Del Toro didn’t argue. He simply walked through the knee-deep snow, took off his own massive parka, wrapped it around the shivering actor, and pulled him close until their foreheads touched. Then, so quietly that only Elordi could hear over the howling wind, he whispered:

“If you can endure these three days, you will make all of Hollywood cry…  and you will finally give that little boy in Brisbane, who stayed up all night reading The Lord of the Rings under the covers with a torch, the monster he always knew was beautiful.”

Elordi says the world went silent.

He thought of himself at eleven years old, obsessed with Tolkien, with Andy Serkis’ Gollum, with the idea that the most terrifying creatures were the ones who only wanted to be loved. He had spent years chasing “cool” roles, heartthrob parts, anything that kept him pretty and safe.

And here was del Toro handing him the chance to become the very thing he had worshipped as a child, at the cost of almost killing himself in the snow.

He started sobbing, huge, uncontrollable gasps that cracked the makeup department spent forty minutes repairing. Then he looked at del Toro, nodded once, and said, “Put me back up.”

What happened next has already become set lore.

For the final take, Elordi didn’t act the Creature waking up. He became it. When the lightning hit and his eyes snapped open, wide, wet, ancient, the entire crew audibly gasped. The camera operator forgot to call cut.

Del Toro just stood there weeping behind the monitor, whispering “Sí… sí… mi niño hermoso…”

When they finally yelled cut, the 120-person crew broke into applause that echoed across the frozen Lake Nipigon. Elordi was lowered, half-conscious, wrapped in heated blankets, and carried to the warmth tent. He doesn’t remember the walk.
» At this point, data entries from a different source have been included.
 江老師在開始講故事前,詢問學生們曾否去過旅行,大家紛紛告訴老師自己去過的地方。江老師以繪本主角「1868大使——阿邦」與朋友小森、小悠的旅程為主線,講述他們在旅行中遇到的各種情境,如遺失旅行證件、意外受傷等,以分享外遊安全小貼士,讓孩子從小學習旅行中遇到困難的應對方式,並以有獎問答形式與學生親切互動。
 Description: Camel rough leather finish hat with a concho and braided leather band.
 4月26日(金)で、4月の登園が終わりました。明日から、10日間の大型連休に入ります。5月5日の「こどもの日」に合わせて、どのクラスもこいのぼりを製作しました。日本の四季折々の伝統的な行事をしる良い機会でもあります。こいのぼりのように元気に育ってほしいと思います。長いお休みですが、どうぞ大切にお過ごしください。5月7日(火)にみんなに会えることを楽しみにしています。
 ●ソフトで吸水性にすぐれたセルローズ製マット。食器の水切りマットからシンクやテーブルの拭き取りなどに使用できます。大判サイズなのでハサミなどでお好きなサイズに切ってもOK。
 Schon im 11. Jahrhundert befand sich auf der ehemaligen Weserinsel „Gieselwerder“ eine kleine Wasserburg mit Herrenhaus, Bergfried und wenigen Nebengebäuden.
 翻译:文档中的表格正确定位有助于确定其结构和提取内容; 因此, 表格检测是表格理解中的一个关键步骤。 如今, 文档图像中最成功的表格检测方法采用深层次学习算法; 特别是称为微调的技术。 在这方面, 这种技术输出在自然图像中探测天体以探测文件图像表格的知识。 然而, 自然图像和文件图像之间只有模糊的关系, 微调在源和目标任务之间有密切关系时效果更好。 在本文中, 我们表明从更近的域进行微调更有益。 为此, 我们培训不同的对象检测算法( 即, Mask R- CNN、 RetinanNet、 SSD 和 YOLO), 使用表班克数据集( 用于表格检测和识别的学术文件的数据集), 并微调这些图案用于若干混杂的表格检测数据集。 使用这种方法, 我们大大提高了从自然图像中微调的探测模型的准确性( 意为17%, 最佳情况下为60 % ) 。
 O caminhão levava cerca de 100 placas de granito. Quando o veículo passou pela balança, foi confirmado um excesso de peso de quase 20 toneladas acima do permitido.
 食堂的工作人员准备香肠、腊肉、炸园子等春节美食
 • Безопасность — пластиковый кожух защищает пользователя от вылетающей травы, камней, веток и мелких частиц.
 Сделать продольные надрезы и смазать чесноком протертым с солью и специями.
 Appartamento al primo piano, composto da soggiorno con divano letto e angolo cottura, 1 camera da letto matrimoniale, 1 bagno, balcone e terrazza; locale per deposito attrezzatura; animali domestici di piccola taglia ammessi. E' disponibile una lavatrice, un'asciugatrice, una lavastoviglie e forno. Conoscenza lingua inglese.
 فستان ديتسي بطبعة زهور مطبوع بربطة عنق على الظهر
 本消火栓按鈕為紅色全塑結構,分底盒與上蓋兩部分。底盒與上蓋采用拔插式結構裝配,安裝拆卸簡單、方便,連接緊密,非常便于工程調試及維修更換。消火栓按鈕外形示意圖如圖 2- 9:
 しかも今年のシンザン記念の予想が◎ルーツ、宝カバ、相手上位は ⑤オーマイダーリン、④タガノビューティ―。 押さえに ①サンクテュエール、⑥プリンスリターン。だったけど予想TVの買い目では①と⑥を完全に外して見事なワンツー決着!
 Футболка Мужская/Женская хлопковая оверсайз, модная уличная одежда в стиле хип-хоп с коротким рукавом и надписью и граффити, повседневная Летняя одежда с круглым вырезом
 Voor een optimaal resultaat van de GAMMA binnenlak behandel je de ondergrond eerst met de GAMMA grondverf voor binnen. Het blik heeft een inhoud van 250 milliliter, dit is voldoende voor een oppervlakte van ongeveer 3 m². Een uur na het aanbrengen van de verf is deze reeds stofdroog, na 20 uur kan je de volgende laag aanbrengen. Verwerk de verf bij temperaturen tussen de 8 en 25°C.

He only remembers del Toro kissing his frostbitten forehead and saying, “You did it. You made the monster human.”

Early test screenings have reportedly left executives speechless. One studio insider told Variety: “I’ve seen the reel. Grown men were crying in the bathroom afterwards. It’s not just a performance. It’s a resurrection.”

Del Toro himself, normally effusive in interviews, has been unusually reverent when asked about Elordi’s work: “Some actors give you their craft. Jacob gave us his soul, piece by frozen piece. There is before this movie, and there is after. Nothing will look the same.”

As for Elordi, he still can’t watch the footage without shaking.

“I almost died bringing him to life,” he told Vanity Fair last week, voice soft. “But I would do it again in a heartbeat. Because for twelve minutes on screen, I got to be the most heartbreaking thing I ever imagined as a kid.

And the whole world finally saw him the way I always did: not scary. Just… lonely.”

Guillermo del Toro’s Frankenstein, starring Jacob Elordi as the Creature, Oscar Isaac as Victor, and Mia Goth as Elizabeth, is currently in post-production for a December 2026 release.

The little boy from Brisbane who once dreamed of monsters finally became one.

And Hollywood is still trying to thaw out from what he did up there in the snow.